# Source records:
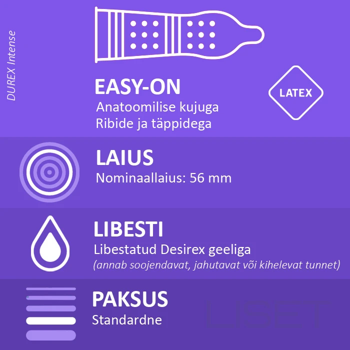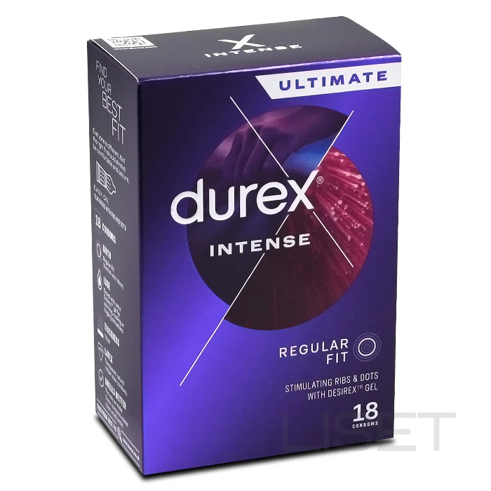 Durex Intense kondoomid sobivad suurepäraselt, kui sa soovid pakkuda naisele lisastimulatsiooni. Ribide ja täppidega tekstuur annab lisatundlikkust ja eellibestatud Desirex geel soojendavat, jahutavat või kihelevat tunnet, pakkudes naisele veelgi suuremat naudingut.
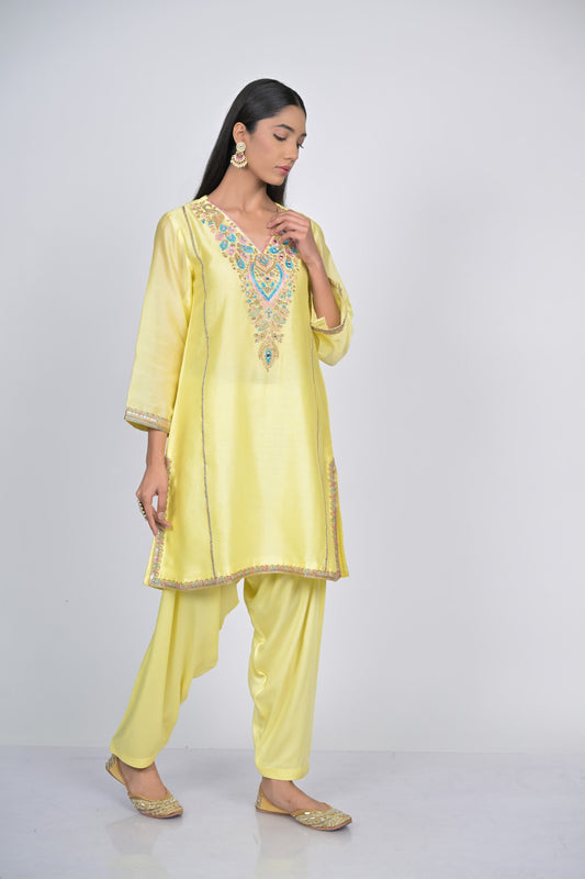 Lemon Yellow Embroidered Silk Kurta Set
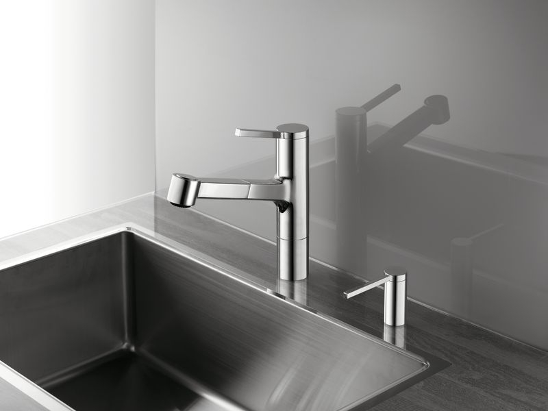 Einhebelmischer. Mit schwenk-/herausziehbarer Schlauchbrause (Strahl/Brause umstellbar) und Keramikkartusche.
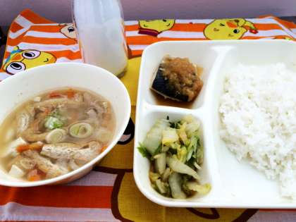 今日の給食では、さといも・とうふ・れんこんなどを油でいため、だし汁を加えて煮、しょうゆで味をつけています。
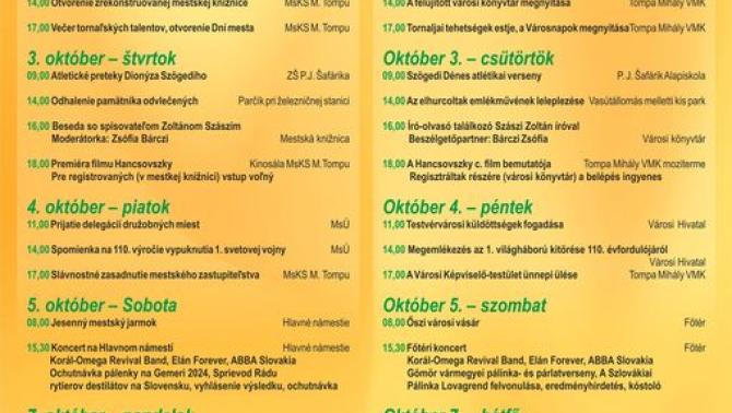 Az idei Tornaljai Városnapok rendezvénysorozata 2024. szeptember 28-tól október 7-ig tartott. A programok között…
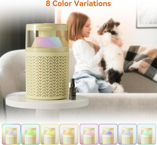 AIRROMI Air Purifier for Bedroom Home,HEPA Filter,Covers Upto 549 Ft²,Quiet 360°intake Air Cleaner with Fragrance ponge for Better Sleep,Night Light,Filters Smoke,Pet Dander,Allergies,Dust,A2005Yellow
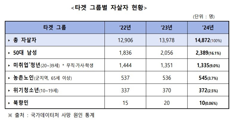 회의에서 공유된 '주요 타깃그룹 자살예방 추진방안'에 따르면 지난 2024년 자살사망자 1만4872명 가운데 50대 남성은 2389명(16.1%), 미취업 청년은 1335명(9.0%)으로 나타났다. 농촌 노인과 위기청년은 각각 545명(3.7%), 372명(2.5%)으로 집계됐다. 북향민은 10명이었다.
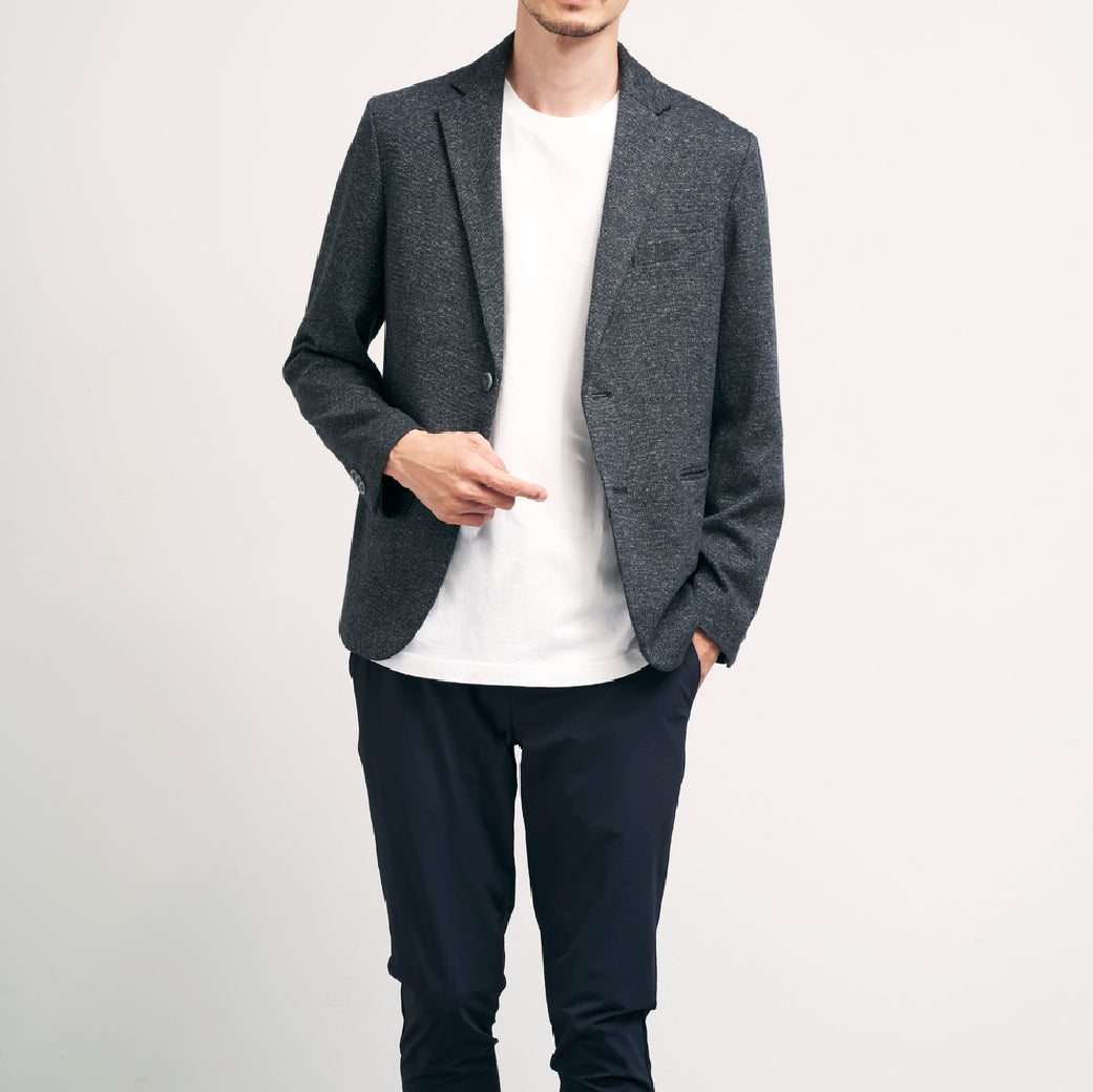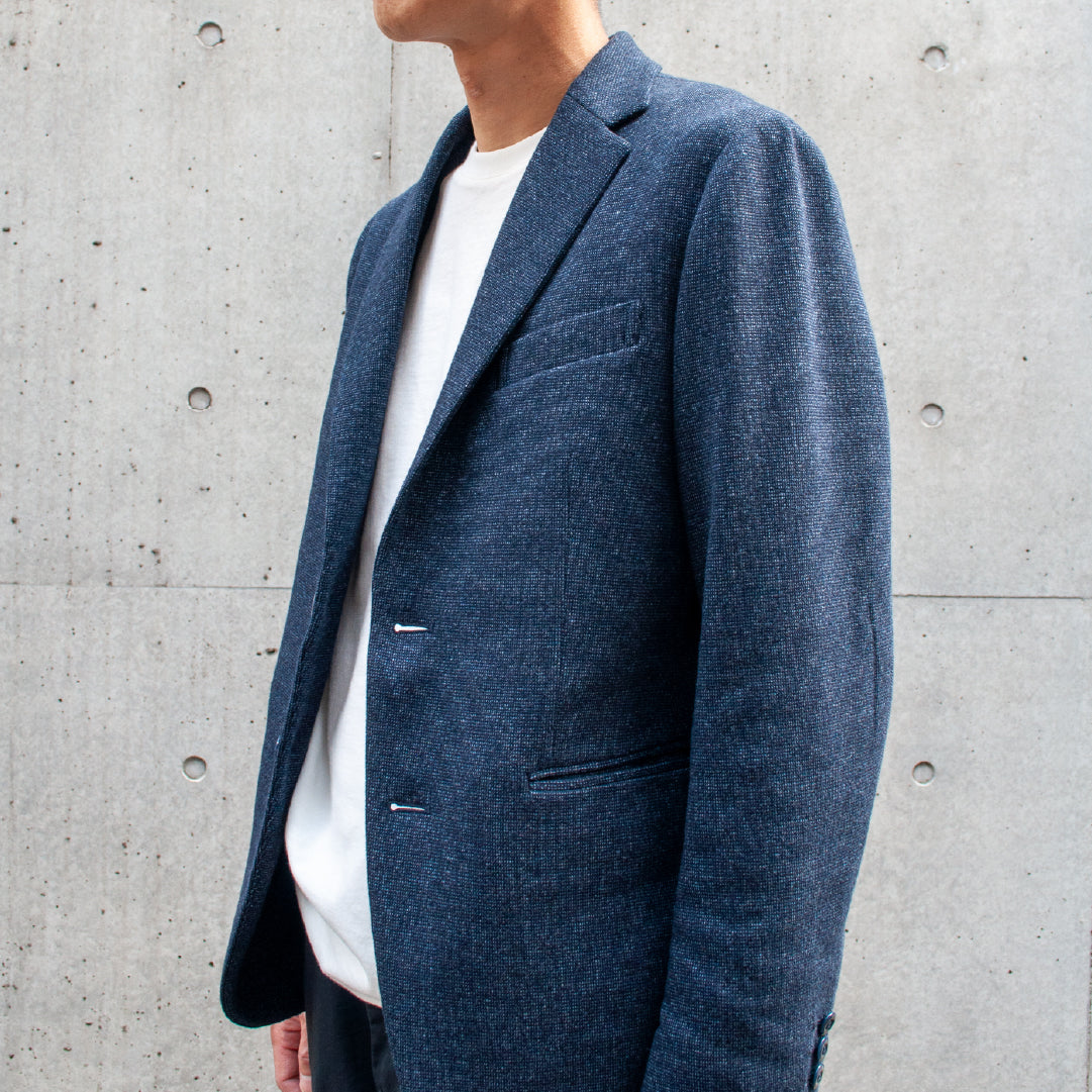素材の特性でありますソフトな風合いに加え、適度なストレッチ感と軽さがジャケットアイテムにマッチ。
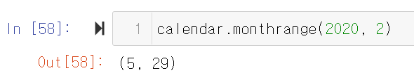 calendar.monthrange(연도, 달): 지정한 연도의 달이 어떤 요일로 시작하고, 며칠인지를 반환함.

# PROBLEM TO SOLVE:
Reproduce each line above precisely, with no pictures.

# REPLY:
 Durex Intense kondoomid sobivad suurepäraselt, kui sa soovid pakkuda naisele lisastimulatsiooni. Ribide ja täppidega tekstuur annab lisatundlikkust ja eellibestatud Desirex geel soojendavat, jahutavat või kihelevat tunnet, pakkudes naisele veelgi suuremat naudingut.
 Lemon Yellow Embroidered Silk Kurta Set
 Einhebelmischer. Mit schwenk-/herausziehbarer Schlauchbrause (Strahl/Brause umstellbar) und Keramikkartusche.
 今日の給食では、さといも・とうふ・れんこんなどを油でいため、だし汁を加えて煮、しょうゆで味をつけています。
 Az idei Tornaljai Városnapok rendezvénysorozata 2024. szeptember 28-tól október 7-ig tartott. A programok között…
 AIRROMI Air Purifier for Bedroom Home,HEPA Filter,Covers Upto 549 Ft²,Quiet 360°intake Air Cleaner with Fragrance ponge for Better Sleep,Night Light,Filters Smoke,Pet Dander,Allergies,Dust,A2005Yellow
 회의에서 공유된 '주요 타깃그룹 자살예방 추진방안'에 따르면 지난 2024년 자살사망자 1만4872명 가운데 50대 남성은 2389명(16.1%), 미취업 청년은 1335명(9.0%)으로 나타났다. 농촌 노인과 위기청년은 각각 545명(3.7%), 372명(2.5%)으로 집계됐다. 북향민은 10명이었다.
素材の特性でありますソフトな風合いに加え、適度なストレッチ感と軽さがジャケットアイテムにマッチ。
 calendar.monthrange(연도, 달): 지정한 연도의 달이 어떤 요일로 시작하고, 며칠인지를 반환함.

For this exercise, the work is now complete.